"Impossible" is a 2003 single by Edyta Górniak (known as “Edyta”) from the album Invisible.

Background

The single was released in Poland, Germany, Austria and Switzerland.

"Impossible" is the first single from the album Invisible and the last after the scheduled release of the second single “The Story So Far” have been cancelled.

Chart performance

On February 2, 2003, "Impossible" debuted at number fifty-eight on the German Singles Chart, becoming Edyta's highest debut on the German Single Chart to date and her second entry in the German Chart after "One & One".

The song also debuted at number sixty-six in Austria on February 16, 2003, rising to number fifty, and at number sixty-four in Switzerland on March 2, 2003.

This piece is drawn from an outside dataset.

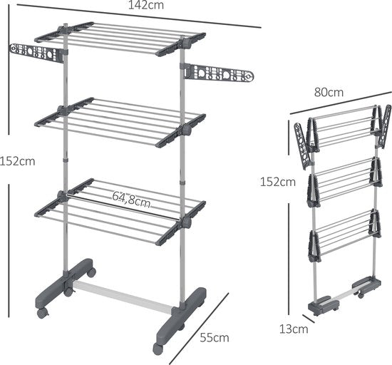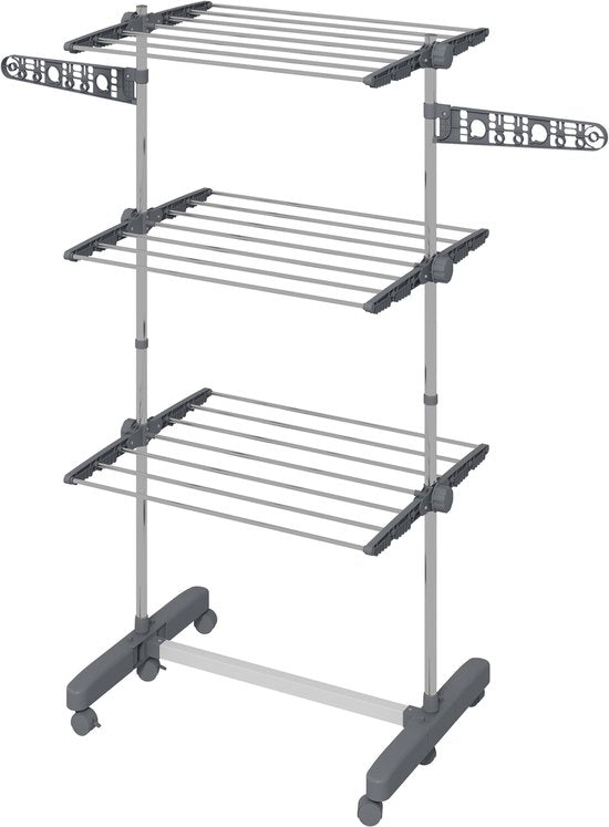 Ruim droogrek op wielen. Het combineert hoge kwaliteit, gebruiksgemak en ruimtebesparing in één. Verrijdbaar droogrek die ook nog eens half gebruikt kan worden als je minder ruimte hebt. Met zes wielen en remmen is de wasdroger praktisch en mobiel.

"Impossible" reached number thirty-five on Lista Przebojów Trójki of the public radio station Polskie Radio 3, the most popular unofficial Polish Singles Chart.

Live performances

Edyta performed "Impossible" in 2003 at the German edition of Top of the Pops on RTL, at the SWR3 Rheinland-Pfalz Open-Air in Mainz and at the Polish national selection for the Eurovision Song Contest as a show act.

Track listing

Single

 Impossible (Single Version)
 Impossible (Paradise City Club Mix)

Maxi single

 Impossible (Single Version) (4:15)
 Impossible (Paradise City Club Mix) (6:54)
 Impossible (Roy Malone King Mix - Edit) (3:34)
 Sleep with me (Album Version) (3:07)

Vinyl

A-Side

 Impossible (Paradise City Club Mix)
 Impossible (Milk & Sugar Dub Mix)

B-Side

 Impossible (Roy Malone King Mix)
 Impossible (Kelly Pitiuso Dub Mix)

Music video

At the beginning of the music video Edyta walks in white clothes through a dark hallway which is only illuminated by blinking lights and then she starts to dance, then she is sitting in black clothes on a white chair in front of a white background.

In the next scenes she dances in front of a white background alone or together with some guys, then also in front of the dark room with the blinking lights. Between this scenes Edyta is spinning also in the white chair.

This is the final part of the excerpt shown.